In linear combinatorial optimization, we aim to find $S^* = \arg\min_{S \in \mathcal{F}} \langle w,\mathbf{1}_S \rangle$ for a family $\mathcal{F} \subseteq 2^U$ over a ground set $U$ of $n$ elements. Traditionally, $w$ is known or accessible via a value oracle. Motivated by practical applications involving pairwise preferences, we study the weaker and more robust comparison oracle, which for any $S, T \in \mathcal{F}$ reveals only if $w(S) <, =, \text{ or } > w(T)$. We investigate the query complexity and computational efficiency of optimizing in this model. We present three main contributions. (1) Query Complexity: We establish that the query complexity over any arbitrary set system $\mathcal{F} \subseteq 2^U$ is $\tilde{O}(n^2)$. This demonstrates a fundamental separation between information and computational complexity, as the runtime may still be exponential for NP-hard problems. (2) Algorithmic Frameworks: We develop two general tools. First, a Dual Ellipsoid framework establishes an efficient reduction from optimization to certification. It shows that to optimize efficiently, it suffices to efficiently certify a candidate's optimality using only comparisons. Second, Global Subspace Learning (GSL) sorts all feasible sets using $O(nB \log(nB))$ queries for integer weights bounded by $B$. We efficiently implement GSL for linear matroids, yielding improved query complexities for problems like $k$-SUM, SUBSET-SUM, and $A+B$ sorting. (3) Combinatorial Applications: We give the first polynomial-time, low-query algorithms for classic problems, including minimum cuts, minimum weight spanning trees (and matroid bases), bipartite matching (and matroid intersection), and shortest $s$-$t$ paths. Our work provides the first general query complexity bounds and efficient algorithmic results for this fundamental model.

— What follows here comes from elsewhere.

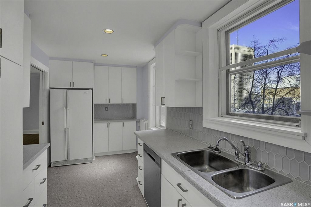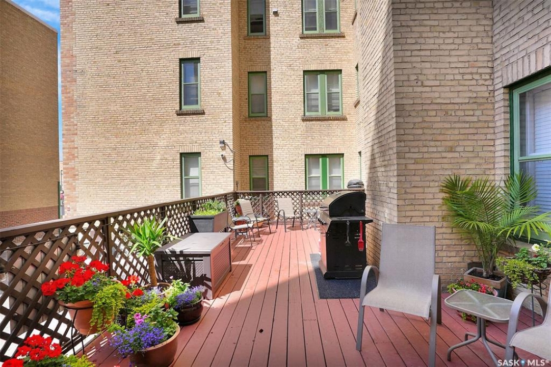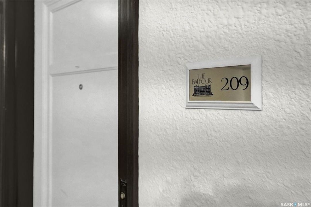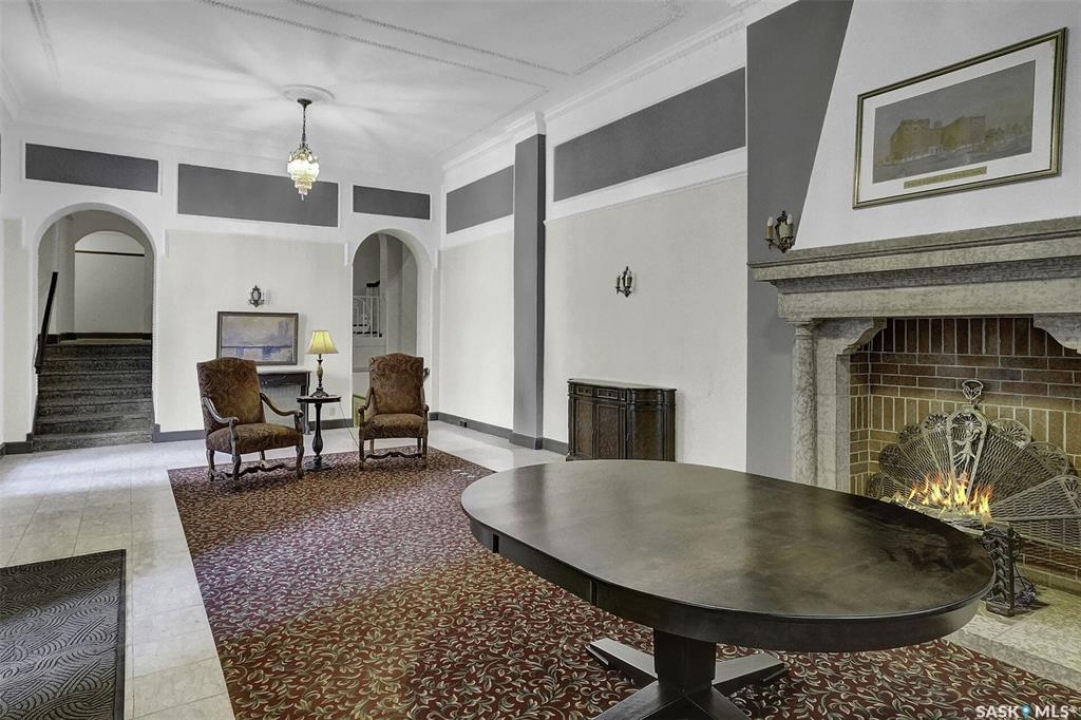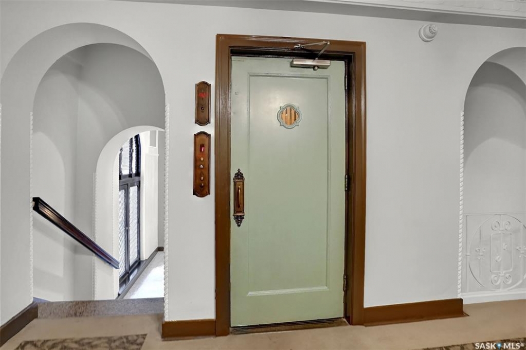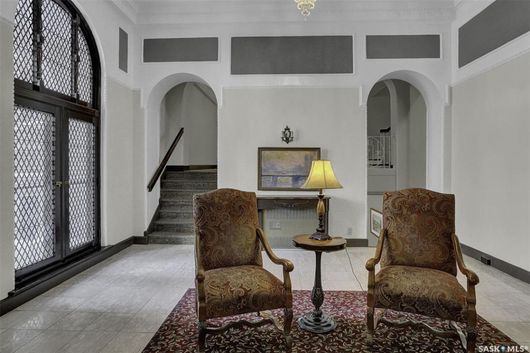 Discover timeless elegance in this well appointed 2-bedroom, 2 bathroom condo in the iconic Balfour Building—one of Regina's most historic residences. The building entrance welcomes you w/ beautiful stonework & wrought-iron gates. A charming foyer w seating sets the tone for the building's warm, heritage character. The circa 1929 elevators have been restored: preserving nostalgic charm & offering modern convenience. Inside the suite, a front entry display area & closet/ storage space greet you w/ hardwood flooring that enhances the natural elegance felt throughout. The versatile floor plan offers various furniture arrangements. Off this space is the living room w/ lots of natural light, picture rails & a wall of custom built-ins w/ lighting for displays & storage. The bright, white kitchen provides lots of custom cabinetry, pull-out pantry storage, built-in dishwasher, tiled backsplash, window & pocket style sliding French doors. The primary bedroom includes a “rare find” 3/4 ensuite & second bedroom has 2 closets . Bright freshly painted interior including main bathroom. This unit shares front balcony space w/ a nice view of downtown & Victoria Park. Throughout the building, you find seating areas perfect for visiting. A spacious lounge, complete w/ kitchenette, opens to a common outdoor deck w/ bbq area. Shared laundry facilities in basement are bright, clean, & well-maintained. Residents also enjoy convenient bike storage & well-lit storage locker. area. This unit comes w/ 2 storage lockers. Included are the fridge, stove(Nov. 2025) built-in dishwasher(July 2024) safe & standalone air conditioning unit. Condo fees $681.21 per month include heat, water, sewer, common area maintenance, common area insurance, snow removal, lawn care & reserve fund. AI-generated pictures at end. The Balfour has long been celebrated for its beauty, uniqueness, & enduring quality that has stood the test of time. This could be your opportunity to be part of its story.
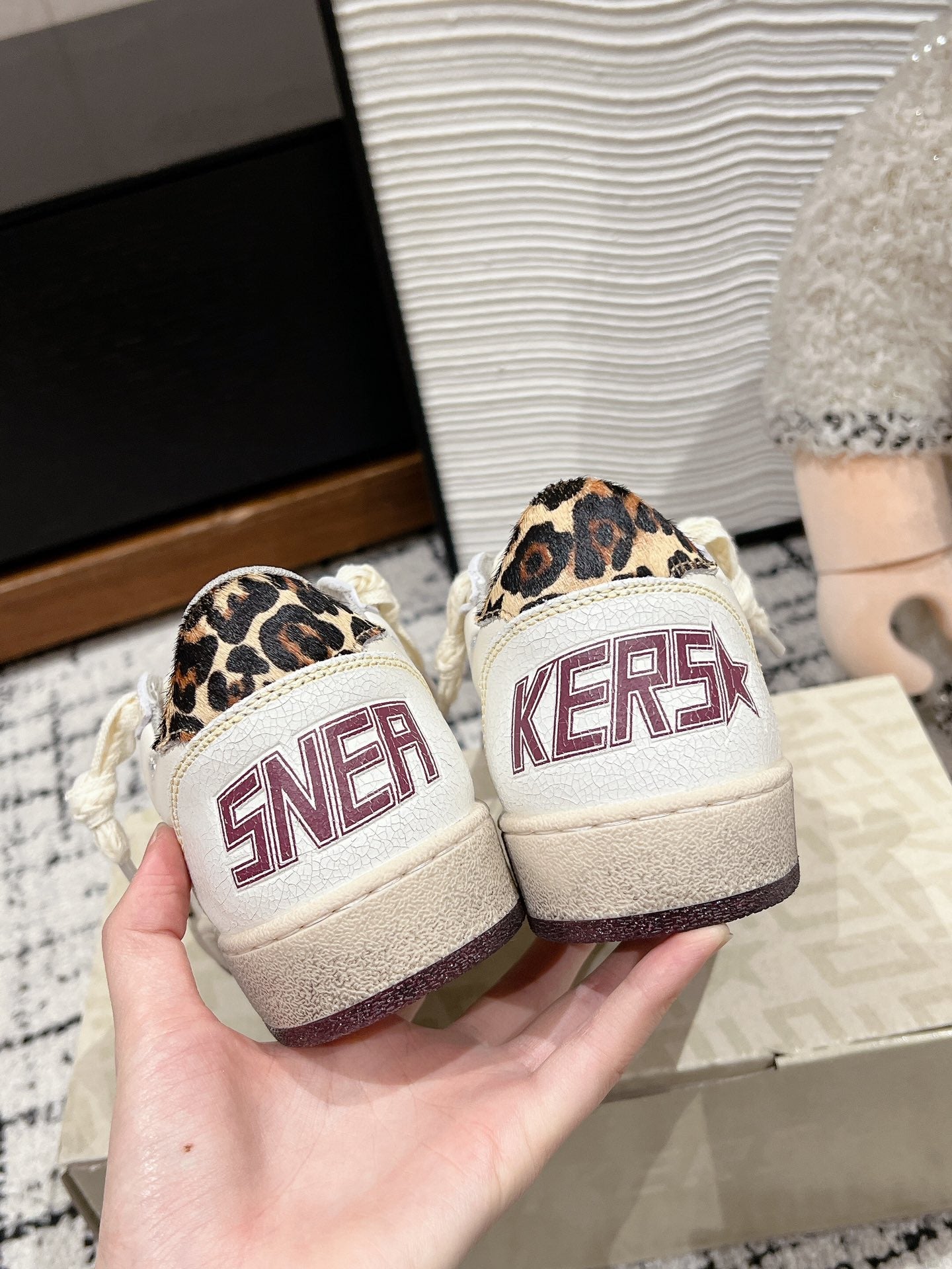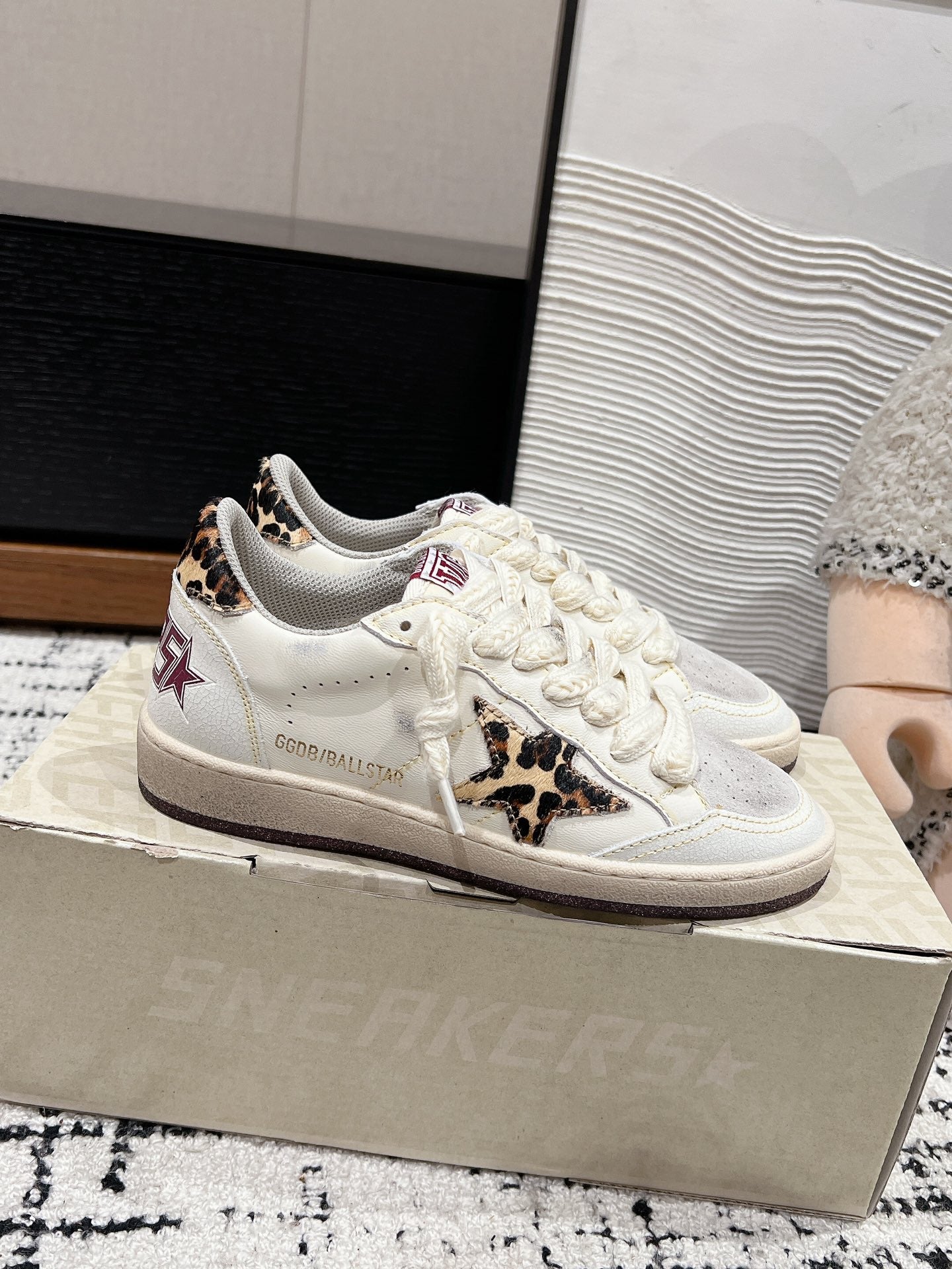 BALL STAR SNEAKERS WHITE CALFSKIN WITH LEOPARD STAR AND HEEL LAB

翻译：在线性组合优化中，我们的目标是在一个由 $n$ 个元素构成的基础集 $U$ 上，对于一个族 $\mathcal{F} \subseteq 2^U$，找到 $S^* = \arg\min_{S \in \mathcal{F}} \langle w,\mathbf{1}_S \rangle$。传统上，权重 $w$ 是已知的或可通过值预言机访问。受涉及成对偏好的实际应用启发，我们研究了更弱且更鲁棒的比较预言机模型，该模型对于任意 $S, T \in \mathcal{F}$，仅揭示 $w(S) <, =, \text{ 或 } > w(T)$。我们研究了在此模型下优化的查询复杂度和计算效率。我们提出了三个主要贡献。(1) 查询复杂度：我们证明，对于任意集合系统 $\mathcal{F} \subseteq 2^U$，查询复杂度为 $\tilde{O}(n^2)$。这揭示了信息复杂度与计算复杂度之间的根本性分离，因为对于 NP 难问题，运行时间可能仍然是指数级的。(2) 算法框架：我们开发了两个通用工具。首先，一个对偶椭球体框架建立了从优化到验证的高效归约。它表明，为了高效优化，只需能够仅使用比较来高效验证候选解的最优性。其次，全局子空间学习（GSL）方法使用 $O(nB \log(nB))$ 次查询对所有可行集进行排序，其中整数权重以 $B$ 为界。我们为线性拟阵高效实现了 GSL，从而为诸如 $k$-SUM、子集和问题以及 $A+B$ 排序等问题带来了改进的查询复杂度。(3) 组合应用：我们为经典问题给出了首个多项式时间、低查询复杂度的算法，这些问题包括最小割、最小权重生成树（及拟阵基）、二分图匹配（及拟阵交）以及最短 $s$-$t$ 路径。我们的工作为这一基础模型提供了首个通用的查询复杂度界限和高效的算法结果。